DESCRIPTION (provided by applicant): While researchers have learned vast amounts about brain function at a cellular and molecular level over the past several years, we still have a poor understanding of the manner in which these phenomena give rise to behavior, and the way that neurobiological dysfunction creates psychiatric symptoms. This is particularly true for schizophrenia: while a large number of research studies have implicated hippocampus in the etiology of schizophrenia, and several possible neuroanatomic and biochemical abnormalities have been identified in this region, we still do not know how these findings, alone or in combination, lead to the clinical syndrome. Computational modeling is a research tool that allows one to make links between cellular phenomena and clinical behaviors by offering insights at the level of cells or cell ensembles as to how emergent properties arise. We have developed a computer simulation of a subsection of hippocampus CA1 incorporating 452 cells. Each cell is a biologically realistic model of a neuron, featuring an extensive dendritic arborization and Na+, Ca++, K+DR, K*AHp, K+c, and K+A channels, as well as AMPA, NMDA, and GABA synapses. We will use an elaborated version of this computational model as a tool to examine particular hypothesis regarding the hippocampal neuropathology of schizophrenia. Specifically, we will "lesion" the model in a schizophrenogenic way by separately and in combination (a) altering aspects of the GABA system, (b) disrupting the glutamatergic system, and (c) increasing dopaminergic tone. We will examine two outcome measures: oscillatory activity and performance on context-dependent memory tasks; both of these have clinical correlations with schizophrenia. Finally, we will apply a number medications, including typical and atypical antipsychotics, and examine their effects on system functioning. We expect these studies to 1) offer mechanistic and system-level insights into the neuropathological basis of the illness; 2) generate hypotheses that can subsequently be tested experimentally; and 3) identify potentially effective antipsychotic medications. Also, we hope that this study can make a contribution from a methodological point of view: though it involves only one brain area performing a discrete psychological task for a particular psychiatric illness, it is an approach that potentially can be applied to other brain regions and neuropsychiatric diseases.

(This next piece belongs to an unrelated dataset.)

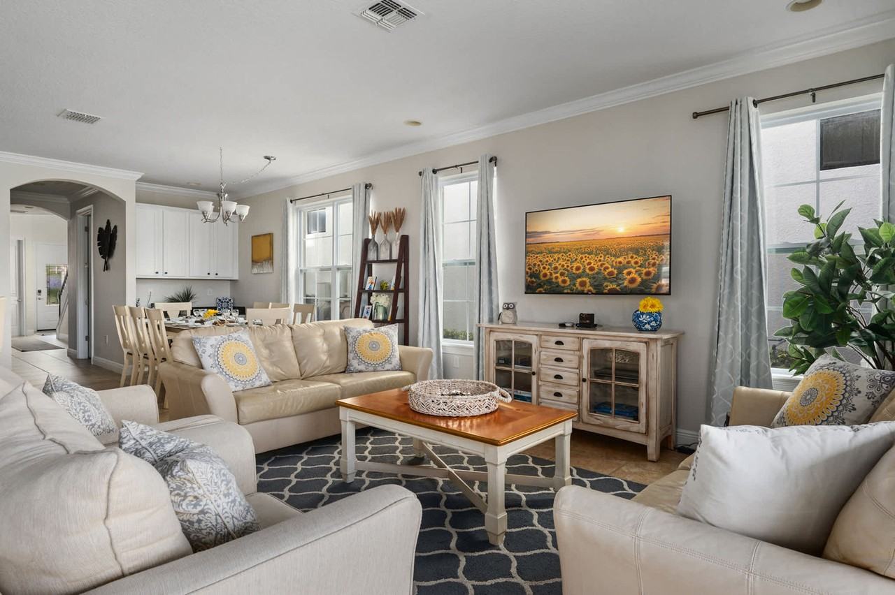 Feel at home in this spacious Reunion Villa, ideal for families and groups seeking fun and relaxation. This villa features 5 bedrooms, 4.5 baths, and sleeps 10. This villa features a private movie theater, pool table, and arcade games for entertainment. The gourmet kitchen is fully stocked with stainless steel appliances, and there are indoor and outdoor dining areas. A free washer and dryer are conveniently located for longer stays. If you would like to add pool and spa heating to your reservation, please let us know in advance for $35 per day of stay. Located within Reunion Resort and Club, you have immediate access to world-class amenities, including golf courses, spa facilities, and a variety of dining options. Just minutes from Disney’s magic in Kissimmee, the villa provides easy access to theme parks, shopping, and local attractions while offering a peaceful retreat to return to each evening. Quiet hours are between 10 PM and 8 AM. There is absolutely no smoking and no drugs allowed inside the home or elsewhere on the property. Only the number of guests indicated on the reservation are allowed to stay overnight on-premise, unless otherwise agreed upon in written form. The number of vehicles on property should never exceed 2 per reservation. Up to 2 cars may park in the driveway. Commercial vehicles, trailers, motorcycles, RVs, and similar vehicles are strictly prohibited anywhere in the community and are not eligible for parking passes. Violations may result in towing or fines per HOA rules. Please respect the neighborhood and neighbors. Be considerate while socializing outdoors after 10 PM and before 8 AM and keep excessive noise to a minimum during this time. No fireworks of any kind. No firearms on property, unless kept locked in vehicle. We reserve the right to terminate a reservation without refund, and/or pursue monetary fines if guests are found to be in violation of any of these rules.

描述(申请人提供)：尽管在过去的几年里，研究人员已经在细胞和分子水平上了解了大量关于大脑功能的知识，但我们仍然对这些现象引发行为的方式以及神经生物学功能障碍产生精神症状的方式缺乏了解。对于精神分裂症来说尤其如此：虽然大量研究表明海马体与精神分裂症的病因有关，并在该区域发现了几种可能的神经解剖和生化异常，但我们仍然不知道这些发现单独或结合起来如何导致临床综合征。计算建模是一种研究工具，它允许人们在细胞或细胞集合水平上提供关于紧急特性如何产生的见解，从而在细胞现象和临床行为之间建立联系。我们已经开发了一个包含452个细胞的海马区CA1的计算机模拟。每个细胞都是一个生物真实的神经元模型，具有广泛的树突分支和Na+、Ca++、K+DR、K*AHP、K+c和K+A通道，以及AMPA、NMDA和GABA突触。我们将使用这个计算模型的详细版本作为工具来检验关于精神分裂症的海马神经病理的特定假说。具体地说，我们将通过单独和联合使用(A)改变GABA系统的各个方面，(B)扰乱谷氨酸能系统，以及(C)增加多巴胺能张力，以精神分裂症的方式对模型进行“损伤”。我们将检查两个结果指标：振荡活动和上下文相关记忆任务的表现；这两个指标都与精神分裂症有临床相关性。最后，我们将应用一些药物，包括典型和非典型的抗精神病药物，并检查它们对系统功能的影响。我们希望这些研究1)提供对疾病神经病理基础的机械性和系统水平的洞察；2)产生假说，随后可以进行实验测试；以及3)确定潜在有效的抗精神病药物。此外，我们希望这项研究能够从方法论的角度做出贡献：虽然它只涉及一个大脑区域为特定的精神疾病执行离散的心理任务，但它是一种潜在的方法，可以应用于其他大脑区域和神经精神疾病。